> **Instructions to follow**
Provide again, from the entries below, every line from the one containing "日前,西安市住建局发布了《2" through the one containing "麻混で清涼感がありつつ、落ち", exactly as written, and no other line.

> **Data for processing**
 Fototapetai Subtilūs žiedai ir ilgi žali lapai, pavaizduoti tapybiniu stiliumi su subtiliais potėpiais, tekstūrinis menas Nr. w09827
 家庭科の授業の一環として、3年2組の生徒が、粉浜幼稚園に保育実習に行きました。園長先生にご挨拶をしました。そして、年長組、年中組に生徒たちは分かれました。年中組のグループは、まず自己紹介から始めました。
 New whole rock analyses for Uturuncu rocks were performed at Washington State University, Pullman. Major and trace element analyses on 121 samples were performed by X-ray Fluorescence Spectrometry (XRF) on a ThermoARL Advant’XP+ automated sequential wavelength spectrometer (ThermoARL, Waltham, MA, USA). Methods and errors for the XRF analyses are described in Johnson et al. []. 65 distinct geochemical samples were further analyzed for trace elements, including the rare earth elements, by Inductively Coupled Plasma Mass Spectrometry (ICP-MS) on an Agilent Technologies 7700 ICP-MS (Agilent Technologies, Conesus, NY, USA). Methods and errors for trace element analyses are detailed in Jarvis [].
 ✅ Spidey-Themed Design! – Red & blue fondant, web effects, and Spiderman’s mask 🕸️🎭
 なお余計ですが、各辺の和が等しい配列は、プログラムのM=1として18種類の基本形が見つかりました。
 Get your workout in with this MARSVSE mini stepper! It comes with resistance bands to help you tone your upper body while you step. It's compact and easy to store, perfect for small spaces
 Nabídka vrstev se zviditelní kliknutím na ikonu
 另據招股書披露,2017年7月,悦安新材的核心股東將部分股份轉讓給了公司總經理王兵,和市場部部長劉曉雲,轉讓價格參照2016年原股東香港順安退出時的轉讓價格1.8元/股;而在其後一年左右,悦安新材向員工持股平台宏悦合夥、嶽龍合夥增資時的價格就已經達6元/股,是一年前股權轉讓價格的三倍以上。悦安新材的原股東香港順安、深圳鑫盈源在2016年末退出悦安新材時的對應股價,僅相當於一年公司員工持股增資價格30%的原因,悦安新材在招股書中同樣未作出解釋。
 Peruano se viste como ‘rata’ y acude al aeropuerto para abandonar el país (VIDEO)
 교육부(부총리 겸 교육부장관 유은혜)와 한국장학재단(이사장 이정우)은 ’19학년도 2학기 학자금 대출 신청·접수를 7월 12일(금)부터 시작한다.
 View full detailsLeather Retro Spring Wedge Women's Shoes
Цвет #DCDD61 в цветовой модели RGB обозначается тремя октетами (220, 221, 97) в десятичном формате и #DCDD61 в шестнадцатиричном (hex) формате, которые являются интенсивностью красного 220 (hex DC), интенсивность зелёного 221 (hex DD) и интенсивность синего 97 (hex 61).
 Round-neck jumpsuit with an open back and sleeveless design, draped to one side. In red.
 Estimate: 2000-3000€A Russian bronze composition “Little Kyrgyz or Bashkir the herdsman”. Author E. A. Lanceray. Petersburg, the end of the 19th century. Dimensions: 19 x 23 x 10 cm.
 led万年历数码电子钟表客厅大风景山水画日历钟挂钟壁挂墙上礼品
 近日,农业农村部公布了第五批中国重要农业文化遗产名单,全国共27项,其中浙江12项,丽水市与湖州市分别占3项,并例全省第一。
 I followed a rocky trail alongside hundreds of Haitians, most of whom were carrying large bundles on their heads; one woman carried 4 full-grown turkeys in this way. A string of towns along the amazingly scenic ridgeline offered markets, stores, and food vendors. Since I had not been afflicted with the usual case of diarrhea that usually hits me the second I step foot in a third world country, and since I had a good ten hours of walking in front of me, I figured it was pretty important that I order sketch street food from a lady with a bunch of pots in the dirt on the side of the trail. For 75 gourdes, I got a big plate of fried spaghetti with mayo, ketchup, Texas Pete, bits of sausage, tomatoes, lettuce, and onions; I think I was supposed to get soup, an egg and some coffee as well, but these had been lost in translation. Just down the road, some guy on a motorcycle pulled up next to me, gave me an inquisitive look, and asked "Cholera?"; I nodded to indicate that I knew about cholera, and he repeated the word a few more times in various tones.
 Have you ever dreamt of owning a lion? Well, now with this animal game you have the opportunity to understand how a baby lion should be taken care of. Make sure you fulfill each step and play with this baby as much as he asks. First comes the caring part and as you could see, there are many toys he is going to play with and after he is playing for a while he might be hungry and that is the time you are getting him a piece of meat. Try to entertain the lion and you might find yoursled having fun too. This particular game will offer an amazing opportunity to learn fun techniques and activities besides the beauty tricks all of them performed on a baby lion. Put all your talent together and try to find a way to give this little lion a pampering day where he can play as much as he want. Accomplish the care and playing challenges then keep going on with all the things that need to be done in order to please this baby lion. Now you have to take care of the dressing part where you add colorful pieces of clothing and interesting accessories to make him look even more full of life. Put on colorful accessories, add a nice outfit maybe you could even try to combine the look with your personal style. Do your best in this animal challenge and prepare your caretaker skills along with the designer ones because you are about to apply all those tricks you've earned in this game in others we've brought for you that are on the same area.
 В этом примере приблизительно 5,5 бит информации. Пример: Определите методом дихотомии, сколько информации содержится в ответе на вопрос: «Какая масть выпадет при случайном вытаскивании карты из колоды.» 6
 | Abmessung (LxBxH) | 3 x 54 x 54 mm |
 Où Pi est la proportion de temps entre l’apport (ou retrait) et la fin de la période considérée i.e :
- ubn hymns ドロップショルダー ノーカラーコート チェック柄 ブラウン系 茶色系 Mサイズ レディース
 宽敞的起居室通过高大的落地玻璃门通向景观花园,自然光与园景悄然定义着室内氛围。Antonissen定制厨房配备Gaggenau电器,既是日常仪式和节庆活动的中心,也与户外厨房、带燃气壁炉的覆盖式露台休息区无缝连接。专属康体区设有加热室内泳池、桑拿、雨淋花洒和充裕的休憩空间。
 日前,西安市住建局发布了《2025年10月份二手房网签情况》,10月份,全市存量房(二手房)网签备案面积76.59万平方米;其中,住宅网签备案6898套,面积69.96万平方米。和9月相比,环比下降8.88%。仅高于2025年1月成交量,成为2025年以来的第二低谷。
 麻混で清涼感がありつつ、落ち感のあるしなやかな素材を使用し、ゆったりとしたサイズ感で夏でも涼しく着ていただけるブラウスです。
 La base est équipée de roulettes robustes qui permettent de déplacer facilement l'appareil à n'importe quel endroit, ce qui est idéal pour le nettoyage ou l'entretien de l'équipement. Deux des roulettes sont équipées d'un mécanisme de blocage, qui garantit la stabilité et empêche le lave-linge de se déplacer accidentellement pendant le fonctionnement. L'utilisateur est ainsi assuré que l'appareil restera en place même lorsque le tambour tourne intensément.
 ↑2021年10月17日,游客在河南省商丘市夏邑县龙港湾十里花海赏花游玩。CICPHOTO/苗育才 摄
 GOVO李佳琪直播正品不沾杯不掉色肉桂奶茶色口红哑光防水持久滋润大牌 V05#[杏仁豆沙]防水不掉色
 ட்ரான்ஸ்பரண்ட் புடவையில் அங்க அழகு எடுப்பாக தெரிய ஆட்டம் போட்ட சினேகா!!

> **Answer**
 日前,西安市住建局发布了《2025年10月份二手房网签情况》,10月份,全市存量房(二手房)网签备案面积76.59万平方米;其中,住宅网签备案6898套,面积69.96万平方米。和9月相比,环比下降8.88%。仅高于2025年1月成交量,成为2025年以来的第二低谷。
 麻混で清涼感がありつつ、落ち感のあるしなやかな素材を使用し、ゆったりとしたサイズ感で夏でも涼しく着ていただけるブラウスです。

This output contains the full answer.